== Task prompt ==
What is needed is an exact copy of every line from the one containing "(总)洺兰家居 2026年新" through the end of the entries; please set it down without any pictures.

== Given data ==
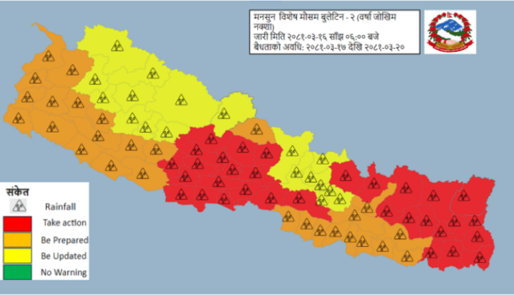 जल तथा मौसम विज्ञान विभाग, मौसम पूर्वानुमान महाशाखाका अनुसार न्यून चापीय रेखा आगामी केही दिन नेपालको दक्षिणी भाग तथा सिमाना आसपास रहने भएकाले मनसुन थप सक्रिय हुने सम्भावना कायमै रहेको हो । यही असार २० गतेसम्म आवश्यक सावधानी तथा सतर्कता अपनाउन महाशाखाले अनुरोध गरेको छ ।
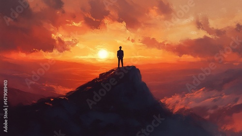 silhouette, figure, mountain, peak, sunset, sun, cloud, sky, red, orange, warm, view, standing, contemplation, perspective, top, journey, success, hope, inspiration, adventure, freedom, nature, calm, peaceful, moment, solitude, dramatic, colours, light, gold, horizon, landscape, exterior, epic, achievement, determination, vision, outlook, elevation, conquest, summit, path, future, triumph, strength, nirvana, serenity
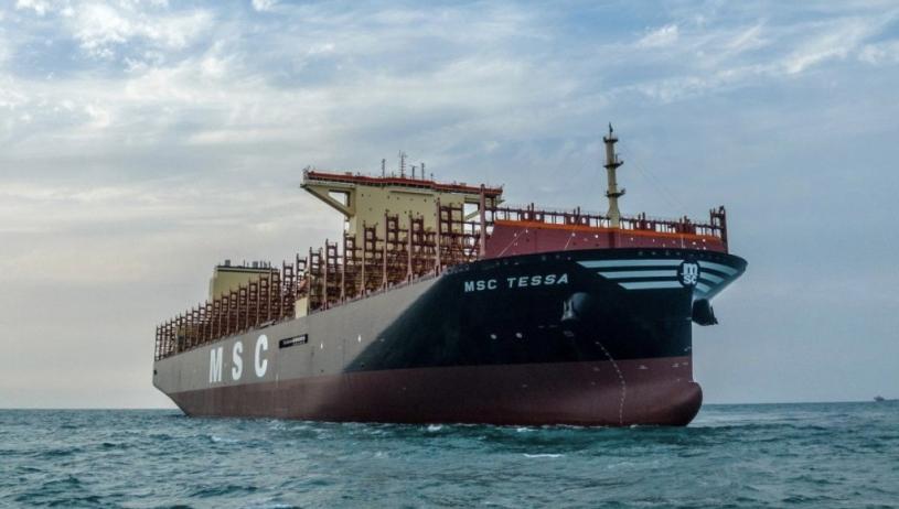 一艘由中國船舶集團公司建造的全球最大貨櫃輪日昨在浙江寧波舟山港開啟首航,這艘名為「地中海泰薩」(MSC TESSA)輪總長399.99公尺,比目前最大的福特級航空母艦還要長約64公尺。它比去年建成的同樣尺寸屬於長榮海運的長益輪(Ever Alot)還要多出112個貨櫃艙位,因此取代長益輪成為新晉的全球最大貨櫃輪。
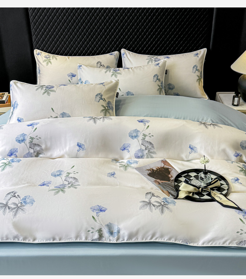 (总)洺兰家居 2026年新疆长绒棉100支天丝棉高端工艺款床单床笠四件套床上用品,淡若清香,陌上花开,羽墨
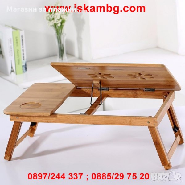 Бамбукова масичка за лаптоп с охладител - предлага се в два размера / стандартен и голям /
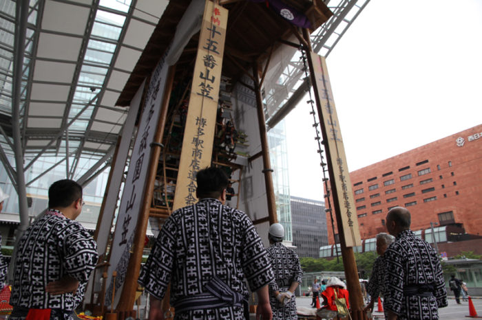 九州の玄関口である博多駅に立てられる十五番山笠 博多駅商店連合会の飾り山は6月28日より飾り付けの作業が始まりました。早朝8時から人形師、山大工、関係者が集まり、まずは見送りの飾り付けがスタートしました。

== Expected answer ==
 (总)洺兰家居 2026年新疆长绒棉100支天丝棉高端工艺款床单床笠四件套床上用品,淡若清香,陌上花开,羽墨
 Бамбукова масичка за лаптоп с охладител - предлага се в два размера / стандартен и голям /
 九州の玄関口である博多駅に立てられる十五番山笠 博多駅商店連合会の飾り山は6月28日より飾り付けの作業が始まりました。早朝8時から人形師、山大工、関係者が集まり、まずは見送りの飾り付けがスタートしました。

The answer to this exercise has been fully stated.